AKJ:
GoForSmoke,Thanks for the answer. But i am not trying to convert DC Power. Let's take an example: If you connect an arduino uno to Power In, to a 9 VDC Power connector (which get's scalled to 5 V) and still connects the Serial USB device, which supplies 5 V, the arduino somehow keeps the current at 5 V. I want to realise the same thing.
The somehow is a 7805 linear regulator, it's standard and it wastes power input. All > 5V is lost.
If you put in 100mA 9V you get out 100mA 5V and a Warm Heat Sink.
If you put in 100mA 12V you get out 100mA 5V and a Very Warm Heat Sink.
The Heat is the Wasted Potential turning into Kinetic energy in the voltage drop. School physics.
So when you put your must be >= 7V battery to work through this, it spends power making heat.
When you use a DC converter the loss is far less, which you can measure by Heat to know the true for what you got.
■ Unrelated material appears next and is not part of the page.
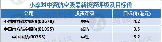 该行指出,综合考虑冬季非高峰期、息率表现有助股价等因素后,预期行业前景好坏参半,首选中国东方航空股份(00670),给予“增持”评级,目标价为4.2港元;予中国南方航空股份(01055)“减持”评级,目标价3.5港元;予以中国国航(00753)“中性”评级,目标价5.2港元。

If you put 100 mA 9V through a buck converter set for 5V, you get 900 * efficiency / 5 mA 5V out.
I have cheap, < $3 DC buck converters that are rated to 3A output. I wouldn't push them more than half that, rather 1A at most.
I fed the converter measured 5.5V and it gave me measured 5V back, 6V battery works for this and NOT the 7805.
I have cheap boost converters that take .9V to 5V in and put out 5V on an MP3 charger socket. For small power, 1 AAA battery can deliver 5V until it is drained to .9V. And hehehe, 4 dead AAA's in series can also deliver 5V until the total reach .9V. Think of that.
I've probably had too much time to think.